Busulfan is a chemotherapy medicine used before bone marrow transplant or high dose therapy with stem cell rescue to help treat certain types of cancer and metabolic conditions.
How is busulfan given?
Busulfan can be given by mouth, through a nasogastric or gastrostomy tube (orally) or as an infusion into a vein (intravenously) through a central venous catheter, implantable port or PICC. It is usually given four times a day for four days.
What are the side effects of busalfan?
Nausea and vomiting
Anti-sickness drugs can be given to reduce or prevent these symptoms, although this may not be allowed in some treatment protocols. Please tell your doctor or nurse if your child’s sickness is not controlled or persists.
Bone marrow suppression
There will be a temporary reduction in how well your child’s bone marrow works. This means your child may become anaemic, bruise or bleed more easily than usual, and have a higher risk of infection. Your child’s blood counts will be checked regularly to see how the bone marrow is working. Please tell your doctor if your child seems unusually tired, has bruising or bleeding, or any signs of infection, especially a high temperature.
Mouth sores and ulcers
Your child may get painful or bleeding gums, ulcers or a sore mouth. You will be given advice about appropriate mouth care including a copy of the mouth care leaflet. If your child complains of having a sore mouth, please tell your doctor or nurse.
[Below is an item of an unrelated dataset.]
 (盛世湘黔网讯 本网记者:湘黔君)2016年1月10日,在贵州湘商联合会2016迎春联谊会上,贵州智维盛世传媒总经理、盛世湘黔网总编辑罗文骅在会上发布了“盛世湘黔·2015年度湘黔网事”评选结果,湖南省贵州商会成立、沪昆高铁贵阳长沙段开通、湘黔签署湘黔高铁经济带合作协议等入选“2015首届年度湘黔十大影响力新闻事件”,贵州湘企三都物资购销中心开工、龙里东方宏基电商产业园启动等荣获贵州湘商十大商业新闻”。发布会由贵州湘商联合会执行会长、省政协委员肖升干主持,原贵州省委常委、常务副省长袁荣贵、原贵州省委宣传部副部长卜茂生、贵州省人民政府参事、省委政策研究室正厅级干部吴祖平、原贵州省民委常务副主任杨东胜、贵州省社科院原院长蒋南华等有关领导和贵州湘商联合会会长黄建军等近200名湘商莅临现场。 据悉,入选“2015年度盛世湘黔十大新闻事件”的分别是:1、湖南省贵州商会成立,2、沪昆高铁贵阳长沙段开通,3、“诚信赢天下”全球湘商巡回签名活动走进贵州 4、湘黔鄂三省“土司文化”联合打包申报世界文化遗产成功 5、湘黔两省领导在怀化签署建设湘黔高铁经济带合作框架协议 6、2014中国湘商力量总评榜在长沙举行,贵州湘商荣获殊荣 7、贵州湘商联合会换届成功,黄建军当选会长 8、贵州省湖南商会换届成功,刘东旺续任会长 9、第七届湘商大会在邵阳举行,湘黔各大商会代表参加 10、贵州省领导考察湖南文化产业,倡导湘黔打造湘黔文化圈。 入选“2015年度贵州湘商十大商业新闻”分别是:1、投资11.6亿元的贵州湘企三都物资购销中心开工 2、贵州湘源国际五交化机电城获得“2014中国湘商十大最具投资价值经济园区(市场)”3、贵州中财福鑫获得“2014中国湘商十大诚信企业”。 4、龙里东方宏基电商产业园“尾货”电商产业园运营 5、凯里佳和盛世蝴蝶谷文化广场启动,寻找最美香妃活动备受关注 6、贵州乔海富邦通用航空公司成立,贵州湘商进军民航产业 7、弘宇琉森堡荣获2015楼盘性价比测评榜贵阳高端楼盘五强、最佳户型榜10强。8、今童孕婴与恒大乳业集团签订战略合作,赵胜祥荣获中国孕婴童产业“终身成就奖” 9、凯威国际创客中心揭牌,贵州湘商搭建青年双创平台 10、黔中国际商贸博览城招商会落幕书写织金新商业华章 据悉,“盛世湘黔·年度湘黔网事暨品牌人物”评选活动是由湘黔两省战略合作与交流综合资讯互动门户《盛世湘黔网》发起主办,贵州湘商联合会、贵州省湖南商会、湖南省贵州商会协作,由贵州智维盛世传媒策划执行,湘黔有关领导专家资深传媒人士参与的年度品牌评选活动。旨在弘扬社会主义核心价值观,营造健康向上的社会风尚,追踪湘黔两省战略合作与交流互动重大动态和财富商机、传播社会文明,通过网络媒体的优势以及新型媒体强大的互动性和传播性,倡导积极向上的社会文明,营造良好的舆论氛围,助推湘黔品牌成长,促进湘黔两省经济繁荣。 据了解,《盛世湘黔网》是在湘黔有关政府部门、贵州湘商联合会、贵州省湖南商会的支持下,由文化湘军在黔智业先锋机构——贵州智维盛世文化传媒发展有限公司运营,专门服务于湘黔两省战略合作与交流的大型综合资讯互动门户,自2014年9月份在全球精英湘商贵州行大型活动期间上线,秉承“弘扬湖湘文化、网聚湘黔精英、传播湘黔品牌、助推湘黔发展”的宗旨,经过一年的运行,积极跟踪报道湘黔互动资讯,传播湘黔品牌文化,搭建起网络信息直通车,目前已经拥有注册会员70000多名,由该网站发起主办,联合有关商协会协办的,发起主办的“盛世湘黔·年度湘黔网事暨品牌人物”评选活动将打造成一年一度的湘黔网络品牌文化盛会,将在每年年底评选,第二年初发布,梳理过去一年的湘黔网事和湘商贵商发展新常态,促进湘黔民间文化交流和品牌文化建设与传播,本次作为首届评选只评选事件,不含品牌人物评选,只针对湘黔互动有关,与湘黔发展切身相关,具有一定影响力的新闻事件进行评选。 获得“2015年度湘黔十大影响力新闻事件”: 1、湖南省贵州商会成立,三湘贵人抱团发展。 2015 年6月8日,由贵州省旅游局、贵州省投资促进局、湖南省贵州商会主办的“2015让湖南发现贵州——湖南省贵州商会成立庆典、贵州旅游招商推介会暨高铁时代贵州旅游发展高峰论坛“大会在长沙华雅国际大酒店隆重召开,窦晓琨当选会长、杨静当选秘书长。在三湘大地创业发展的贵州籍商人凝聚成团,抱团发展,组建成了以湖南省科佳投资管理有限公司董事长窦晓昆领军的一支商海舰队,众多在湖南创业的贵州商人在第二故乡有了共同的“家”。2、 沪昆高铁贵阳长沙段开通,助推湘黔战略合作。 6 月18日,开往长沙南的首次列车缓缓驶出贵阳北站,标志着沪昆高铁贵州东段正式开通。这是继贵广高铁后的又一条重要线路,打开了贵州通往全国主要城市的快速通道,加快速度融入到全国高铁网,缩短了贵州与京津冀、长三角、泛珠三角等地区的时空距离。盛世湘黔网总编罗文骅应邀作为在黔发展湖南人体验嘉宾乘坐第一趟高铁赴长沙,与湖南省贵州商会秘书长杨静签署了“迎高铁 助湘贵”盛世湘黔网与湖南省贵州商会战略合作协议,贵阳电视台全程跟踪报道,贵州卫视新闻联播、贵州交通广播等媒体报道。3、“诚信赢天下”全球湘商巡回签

If your child has a sore mouth, he or she will often have a sore tummy too. This can cause pain and bloating, as well as diarrhoea. Please tell the doctor or nurse if your child has diarrhoea that is not controlled or persists. It is important that your child drinks lots of fluids.
Your child may lose some or all of his or her hair, including eyebrows and eyelashes. This is temporary and the hair will grow back once the treatment has finished.
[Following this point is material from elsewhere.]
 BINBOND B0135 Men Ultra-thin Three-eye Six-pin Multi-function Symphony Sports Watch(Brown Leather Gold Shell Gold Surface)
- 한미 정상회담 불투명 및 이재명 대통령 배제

Busulfan may cause your child’s skin to develop a darker colour. This is usually temporary and should disappear once treatment has finished.
Busulfan can sometimes cause significant changes to your child’s liver function. This should return to normal when the treatment is finished. Blood tests will be taken to monitor your child’s liver function and his or her weight and tummy measurement will be recorded. If you notice the whites of your child’s eyes or their skin becoming yellow, please let your doctor or nurse know immediately.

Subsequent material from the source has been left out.